URL: https://pixabay.com/en/photos/?image_type=&cat=&min_width=&min_height=&q=data+science&order=popular

I wanted to be able to grab every image from a page, I have some web sites I want to backup my images from. So I added a processor that uses JSoup to do.

Once you download the NAR from github and deploy to your /usr/hdf/current/nifi/lib directories and restart Apache NiFi you will have a new processor. It is ImageProcessor listed version 1.6.0.

76397-imageprocessorpicker.png

You can examine and test the Java source code if you wish.

76398-imageprocessortest.png

Here is an example flow of grabbing all the images from a pixabay URL then filtering out the empty images. Then we split into individual image URLs. We pull out that tag and then download those images.
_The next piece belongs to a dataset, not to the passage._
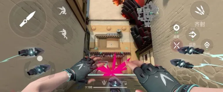 El juego es literalmente el mismo, pero lo que más llama la atención es la interfaz: a la derecha tenemos las habilidades, el salto y el minimapa y a la izquierda, el táctil de movimiento, el agacharse, cuchillo y disparo.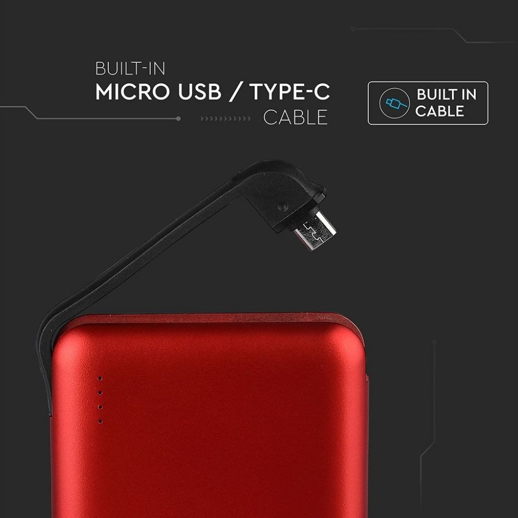 SKU 8866 VT-3510 V-TAC Power Bank 5.000 mAh con Display e cavo USB Colore Rosso

If they are not blank or small I route to TensorFlow to run some inception on it. I extract image meta data and then we send it to my production cluster for processing and storing of the image in an object store and the meta data to a Hive table.

76392-imageprocessorflow.png

Our Routing To Filter Away Small and blank images

76393-routeawaysmallstuff.png

Pretty basic flow to process. I use my custom Attribute Cleaner to clean up the names and make all the attribute names Apache Avro name compliant.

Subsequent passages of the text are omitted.